Monday, October 19, 2009

Knowledge is power--isn't it?
First, is knowledge something granted alongside humanity or is it bestowed, a privilege to gain access into one's world? Can it be said that knowledge is neither? That only the Almighty is and can possess knowledge? Man would starve for such knowledge--the knowledge to know all--and alas, he has. From Adam's first bite of the Fruit, mankind has been hungering for knowledge, for the stability that they believe will come with this knowledge. A hunger that is so intense and primordial that man himself refuses to rebuke.
So, yes, knowledge is power. This is why the southern plantation owners of the nineteenth century refused to educate their slaves. With the tool of education, the slave owners feared, the slaves would become wiser and more knowledgeable about themselves and their owners. But the education is only the method, a process, by which the knowledge is obtained.
Then, if knowledge is a right bestowed by man's Creator, would it not be given that education is also man's right? One could argue that this is so--if one could not find another means of knowledge. But a formal education is not the only form of education. To quote Alec Bourne, "It is possible to store the mind with a million facts and still be entirely uneducated." Formal education has gifted us with this: a massive library of information--much of which is never used--all to be stored in the resistors and capacitors of our knowledge. All this when the subjects of schools should be focusing more on the fundamentals: reading, writing, and ethics to name a few. Sure mathematics or science is important to understand, but I have seen and heard too many stories about "educated" people who couldn't speak or even read properly!
Education is as much the responsibility of the student as it is the teacher's. Without the commitment of either party, the knowledge is lost.
But even education in the classroom is limited. One could argue that knowledge gained outside the classroom is just as important. That is, the knowledge learned through experience, through practice, through willpower, can open up doors into other realms of a person's life. Experience things impossible to teach in a classroom, to know that effort will pay off. To reach for their goals without a grade point average stamped on it. This is education. This is knowledge.

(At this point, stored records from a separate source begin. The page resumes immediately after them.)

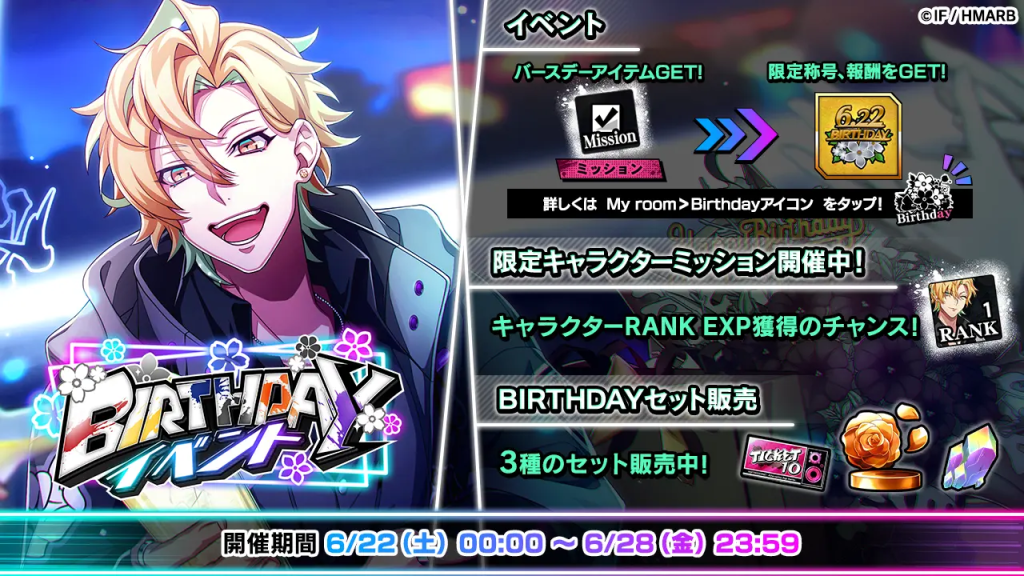 イベント期間中には「June シブヤ Gコレクト」や、各キャラクターの誕生日を祝う特別イベントも開催されているにゃ。例えば「毒島メイソン理鶯ちゃん」や「伊弉冉一二三ちゃん」の誕生日イベントがあるんだにゃ。限定アイテムや称号が手に入るから、こちらもチェックしてみてにゃ!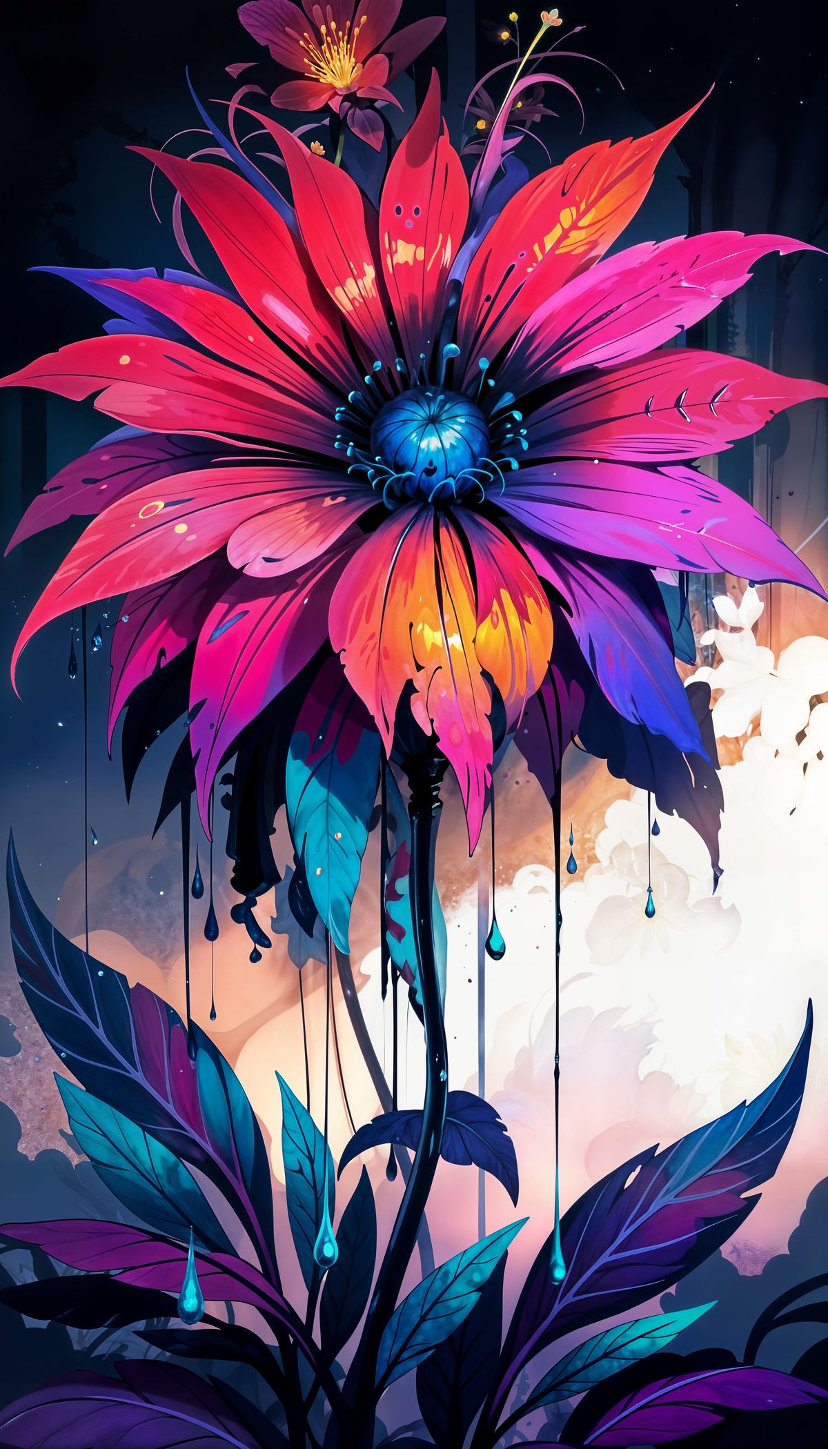 This image showcases a surreal, vibrant flower with neon pink, purple, and orange petals radiating from a glowing blue center. It features intricate details and luminous liquid drips, set against a dreamy, atmospheric background in a digital fantasy art style.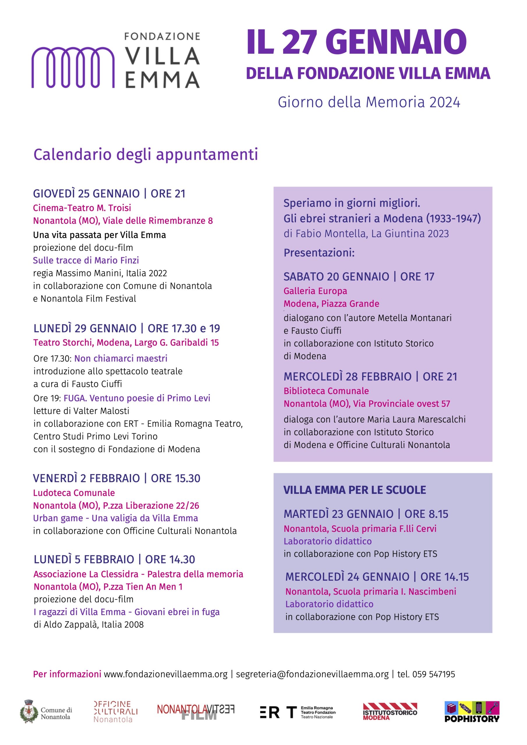 Gli appuntamenti, curati entrambi da Silvia Lotti, sono per martedì 23 gennaio presso la scuola primaria “Fratelli Cervi” e mercoledì 24 presso la scuola primaria “Ida Nascimbeni” di Nonantola. I laboratori rientrano nel quadro delle iniziative promosse da Fondazione Villa Emma all’interno del percorso che condurrà nei prossimi anni alla realizzazione di un nuovo sito memoriale.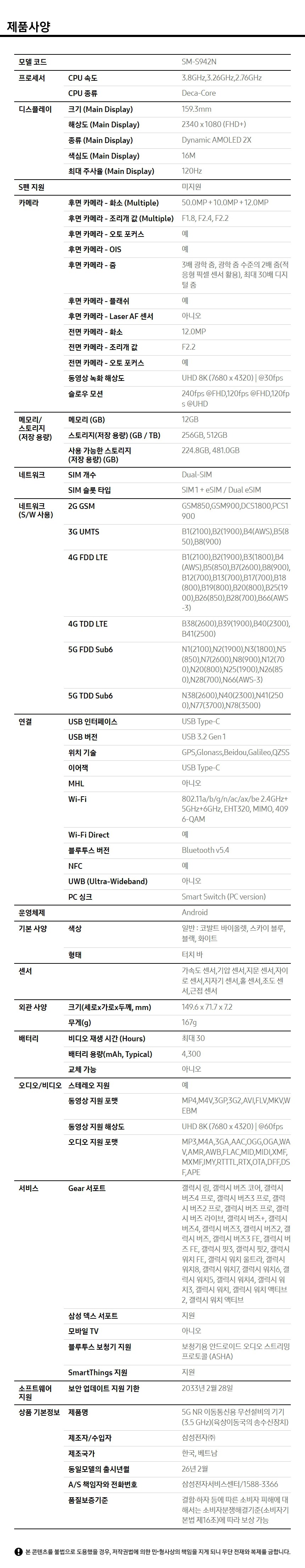 | 품명 및 모델명 | 휴대폰 / SM-S942N | KC 인증정보 | 유/KC마크, R-C-SEC-SMS942 |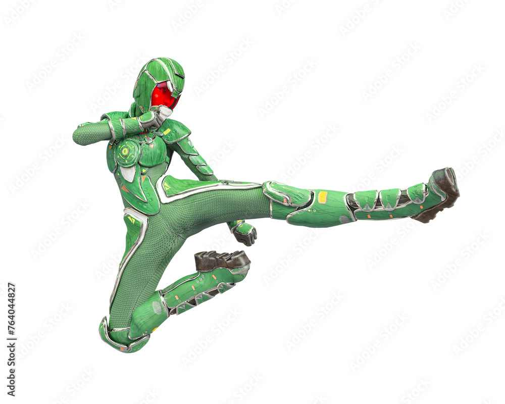 Futuristic Astronaut Girl In A Action Jump Kick Wallpaper Mural - Decorly Solutions | Decorly Solutions
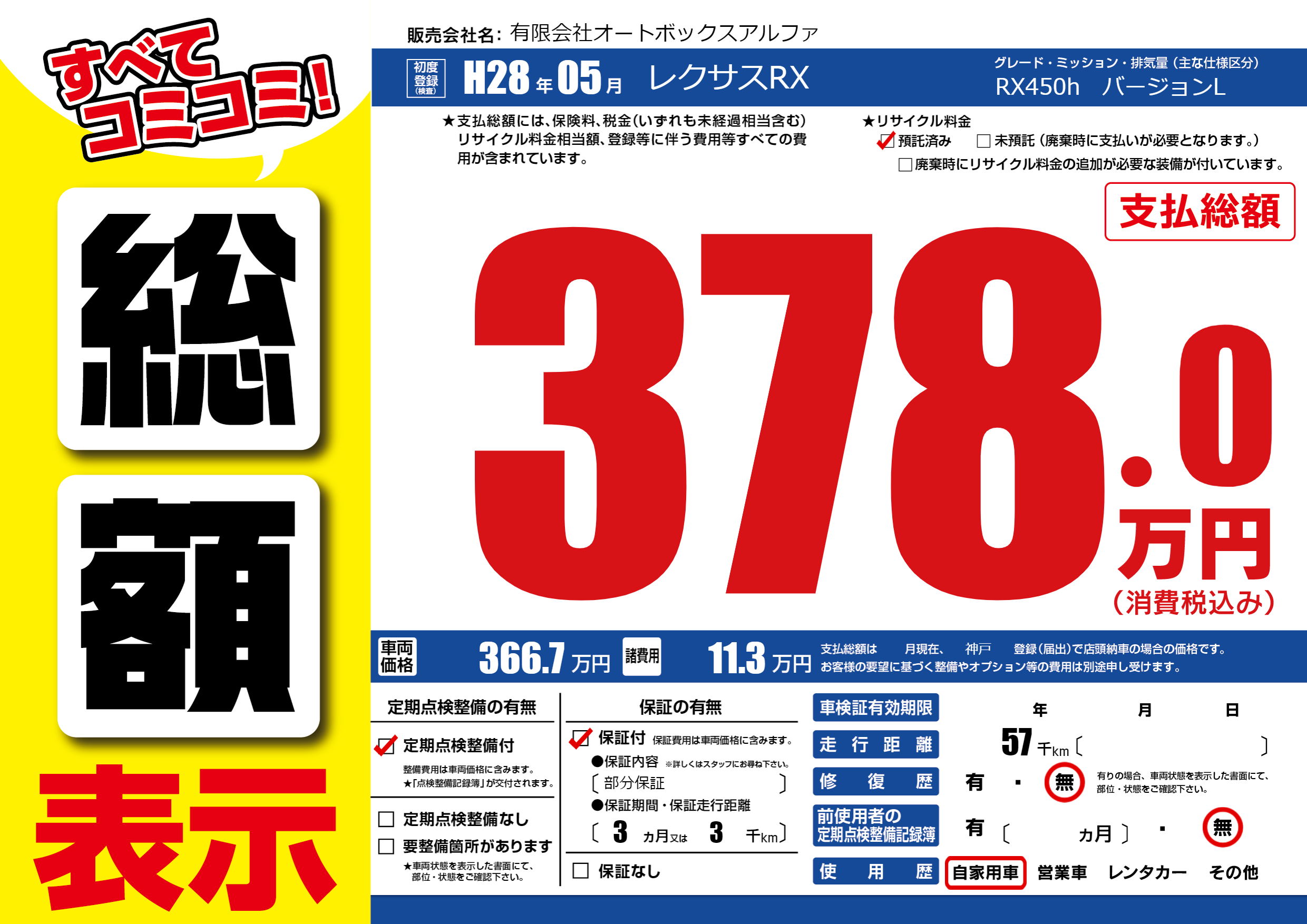 | 車名 | レクサスRX | グレード ミッション 排気量 |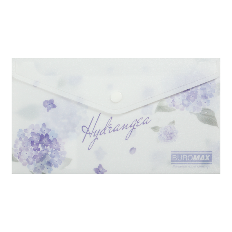 Папка-конверт на кнопці, глянцева, прозора. Товщина пластика: 170мкм. Поліпропілен (РР).

Yes, knowledge is the right of the individual, and knowledge is free for the taking. Even the slaves of the deep south sometimes managed to get the better of their owners, and--of course--did in later years. But though knowledge is free, the individual scholar must find the will to reach for it, which, at times, may be difficult. Yes, knowledge is the right of the individual, but the will to succeed and grasp that delicate flower is still their own. A formal education may or may not be granted to them, but that potential, that essence is right there, ready for the kill.